Когда таким образом работа негоциаторов приходила к концу, неожиданно вновь встретилась остановка по решенному уже, казалось, вопросу о долгах Швеции. Барон Стединк заявил, что им получены самые положительные повеления требовать чтобы Император Александр обязался выплатить заграницей за Швецию 4 миллиона риксдалеров, о которых упомянуто было выше. Очевидно обратное движение гр. Каменского от Умео к Питео, куда он пошел за провиантом, принято было в Стокгольме за слабость русских сил в Вестроботнии и за отступление, из пределов Швеции, её правительство думало воспользоваться обстоятельствами и произвести давление. На конференции завязались вновь очень долгие препирательства, повторялись на разные лады прежние доводы. Но в конце концов перевес остался на стороне Румянцева. «На В. В-во не возлагается, — доносил он Государю 31-го августа, — никакого обязательства предоставлять Швеции средства к уплате её долгов, и в трактате не будет на этот счёт никакого постановления».
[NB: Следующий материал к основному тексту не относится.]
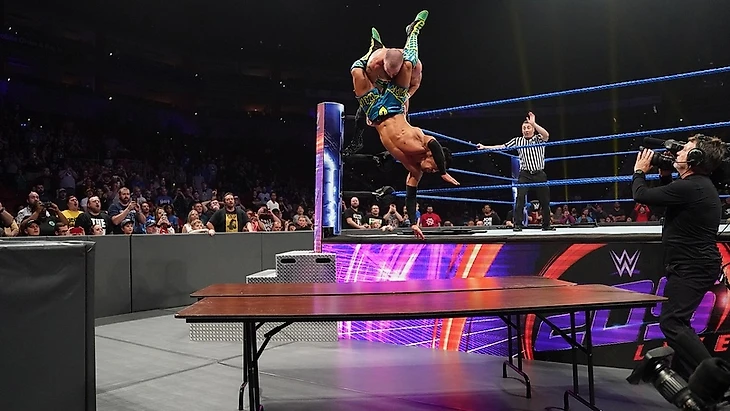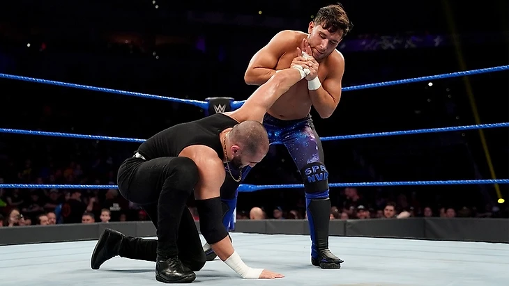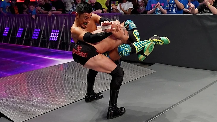 Сам бой начался с обычного силового лок-апа, в котором более перспективно показал себя именно шотландец, но разгон в матче уже совершил именно Дайвари. Итогом небольшого разбега между рестлерами стал выход Дара на бэк-слайд после своеобразной карусельки на иранце, но удержание прошло мимо. Тем не менее рестлеры в целом сумели набрать определённый темп - после ещё одной разбежки между собой, Ноам сумел выловить Арию и выбить его дропкиком в голову с ринга. Последний же снова позволил себе пойти на провокацию чемпиона 205 Live, но на этот раз не получилось - Дар отвлёк Дайвари от попытки прожечь Низа восточным взглядом злобы, однано иранец всё же сумел ответить фейсфёрстом об стол комментаторов. Начался отсчёт рефери, на счёте 4 Дар вернулся на ринг первым, а следом и Ария. Претендент на чемпионство бренда продолжил показывать доминацию на оппонентом и принялся его гонять из одного угла ринга в другой, периодически радуя всех отдельными ударами. СуперНова старался сопротивляться, но выглядело это слишком вяло, ибо Дайвари серьёзно доминировал и пресекал многие попытки на старте. Более полноценная равная борьба развернулась в одном из углов ринга, когда Дайвари хотел побыстрее расправится с Даром, но естественно началось ответное сопротивление СуперНовы. И последний сумел отбиться от двух попыток иранца перебросить себя с угла и даже попытался перейти в наступление, но хитроумный Ария подловил разгорячённого Ноама в Cobra-клатч и одновременно пытался привлечь внимание Низа к себе. Это дало эффект....Ноам разбил болевой оппонента и приготовился к атаке, однако Дайвари моментально вернул к себе шотландца и влепил ему Reverse-DDT - удержание только до 2. Дайвари вновь решил попытать удачу в провокации Низа, попутно вышвырнув с ринга Дара и....снова его вернув через краткое время (логика???), из чего чуть не попался на сворачивание от Ноама - повезло, что мимо. Дару удалось уйти от атаки Дайвари и он начал чувствовать свой момент, когда оба сошлись в углу ринга в плотной борьбе. Дальше же Ноам посредством апперкота, elbow-страйка и Northern-Light суплекса перехватил контроль в матче и оказался близок к победе - но удержание было до 2. Шотландец приготовился на новый заход, чтобы покончить с хитрым хилюгой - и последний ответил сворачиванием, неудачным. Дайвари зашёл на бут, но попал в воздух между канатами, а Ноам прибил его к рингу подсечкой. Ария разумеется не собирался так просто сдаваться и пытался врубить оппонента лариатом, однако СуперНова ушёл от атаки и взял иранца в Ankle Lock. С горем пополам, но Дайвари разбил болевой....только чтобы после краткого размена реверсами снова в него попасть. Хотя удача точно подыгрывала иранцу - ему снова удалось сбросить болевой от Ноама. А уже затем Дайвари точно не прозевал момент - он нейтрализовал СуперНову суперкиком, а следом уже добил оппонента Persian-Lion сплэшем и окончательно уничтожил после коронного Hammerlock Lariat, удержав Ноама Дара до 3.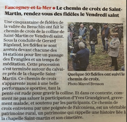 Chaque année, le Chemin de Croix qui conduit de Faucogney au calvaire près de la Chapelle Saint Martin a rassemblé des paroissiens, des marcheurs et des habitants attachés à ce lieu chargé d’histoire. En gravissant la colline et guidés par Gérard, les participants se sont arrêtés aux quatorze stations, écoutant un passage d'Evangile en lien avec la Passion du Christ avec des temps de silence et de méditation.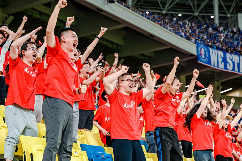 成都凤凰山球场“公益看台”观众为赛场运动员加油。成都市文明办供图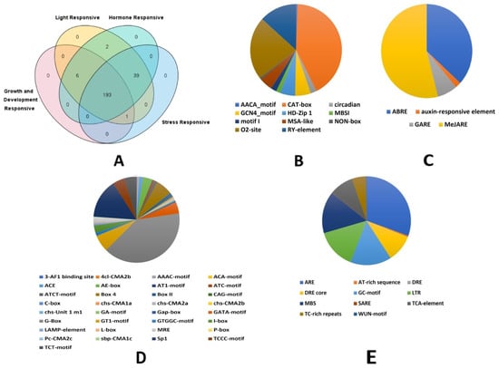 Cis-regulatory elements retrieved from the 1500 bp upstream region of the TaHMA genes. (A)—Venn diagram showing the category-wise prevalence of the cis-elements with 193 TaHMA genes harboring the entire category list. (B–E)—Pie charts showing the relative proportion of various elements recorded for growth and development, hormone responsiveness, light-sensitive, and stress-specific elements, respectively.
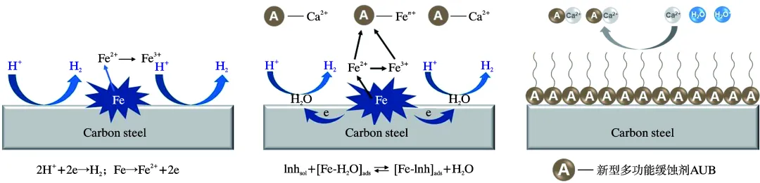 Highlight 1 AUB对Q235钢在酸性模拟油气田采出水溶液中表现了显著的缓蚀性能。AUB在Q235钢表面通过N、O杂原子与Fe原子之间的相互作用展现以化学吸附为主的混合型吸附。在298 K下,添加8×10-3 mol/L的AUB缓蚀效率可达90%,其缓蚀效率随着AUB浓度的增加而增大。在358 K下,仍能达到80%以上的缓蚀效率。对碳钢表面形貌进行表征后,可以明显观察到AUB在碳钢表面形成致密有序的薄膜结构。含C=C、羧酸酯基团的共轭链和中间短链包含高度电负性的共轭体系显著增加了AUB分子在Fe表面的活性吸附位点,并通过形成更多更短的化学键形成致密的保护膜,有效抑制了碳钢的腐蚀。 2 在阻垢性能方面,与基本的苯并咪唑相比,在AUB分子中引入含C=C、羧酸酯基团中间短链的共轭体系,有效提高了AUB在高垢质环境中的防护性能,和钙离子之间的配合抑制了钙离子的自由运动,AUB可以紧密吸附在CaCO3晶体的活性生长位点上,也可以物理吸附形式吸附在碳酸钙-方解石的表面上,从而可能阻碍其正常生长并抑制水垢形成。 3 在杀菌性能方面,AUB通过破坏SRB的生物膜来发挥作用,从而抑制SRB的生物活性。这种破坏不仅减少了SRB的直接腐蚀影响,而且加强了在存在SRB的环境中防止腐蚀的整体保护屏障。 4 量子化学计算结果显示,AUB分子的EHOMO(-6.179 eV)更接近EF,Fe,电子很可能从AUB分子的HOMO激发到碳钢表面,导致缓蚀剂吸附在金属样品表面形成薄膜,同时AUB具有较低的能隙(ΔE=4.202 eV),表明键合中的电子转移能力较高。

Но на другой день, 1-го сентября, возникли еще раз затруднения по вопросу, который был уже окончательно исчерпан, именно о границе. Стединк и Шёльдебранд за общею подписью представили по этому предмету особый мемуар. Авторы уверяли чуть ли не в сотый раз о желании с их стороны мира и о несчастьях, в которые Швеция ввергнута не по вине Карла XIII. Но, решаясь отдать Финляндию, он желает сохранить собственно Швецию неприкосновенною. На этом основании шведские уполномоченные опять предлагали Кеми как будущую границу. Повторенные настояния с русской стороны устранили однако эти новые попытки, и граница осталась, в принципе, на берегах Торнео. Но эта река, близ Кенгисского железоделательного завода, делится на две ветви. Одна, более значительная, называется Муонио и протекает почти по прямой линии с севера на юг, от самой почти норвежской границы, и продолжаясь ближе к Ботническому заливу в том же направлении, носит название Торнео. Другая ветвь, носящая также это последнее название от самого истока, и составляющая поэтому как бы главную реку, менее значительна и, направляясь с запада, делает немалый изгиб. Если бы принять границей эту последнюю ветвь, как предлагал гр. Румянцев, то, по мнению шведских уполномоченных, выгода России была бы ничтожна, так как страна в этой местности, по их словам, столь малолюдна, что поселения есть только по берегам рек, и то на расстояниях от 50 до 120 верст и даже более. Притом какие поселения? — продолжали пояснять Шведы. Убогие хижины, с несчастными обитателями, едва себя прокармливающими. Для Швеции же при такой границе было бы то неудобство, что земли, принадлежащие Кенгисскому заводу, который во всяком случае остается в её пределах, были бы разделены надвое, и наибольшая часть заводских лесов осталась бы на русской стороне. Даже плотина, принадлежащая заводу и пересекающая реку, упиралась бы концами своими во владения обеих держав. Но к этим неудобствам присоединялось, по словам авторов мемуара, дурное впечатление на общественное мнение. Эта ветвь настолько много приближается к реке Каликс, что утрата земель, хотя бы и неудобных, была бы для Швеции почти столько же велика, сколько и при границе по Каликсу. При следовании её по р. Муонио, напротив, все эти неудобства были бы устранены, и естественный рубеж изображался бы прямою линией с севера на юг, от норвежской границы до Ботнического залива, и определялся бы течением рек, наиболее близких к прежней границе между Швецией и Финляндией.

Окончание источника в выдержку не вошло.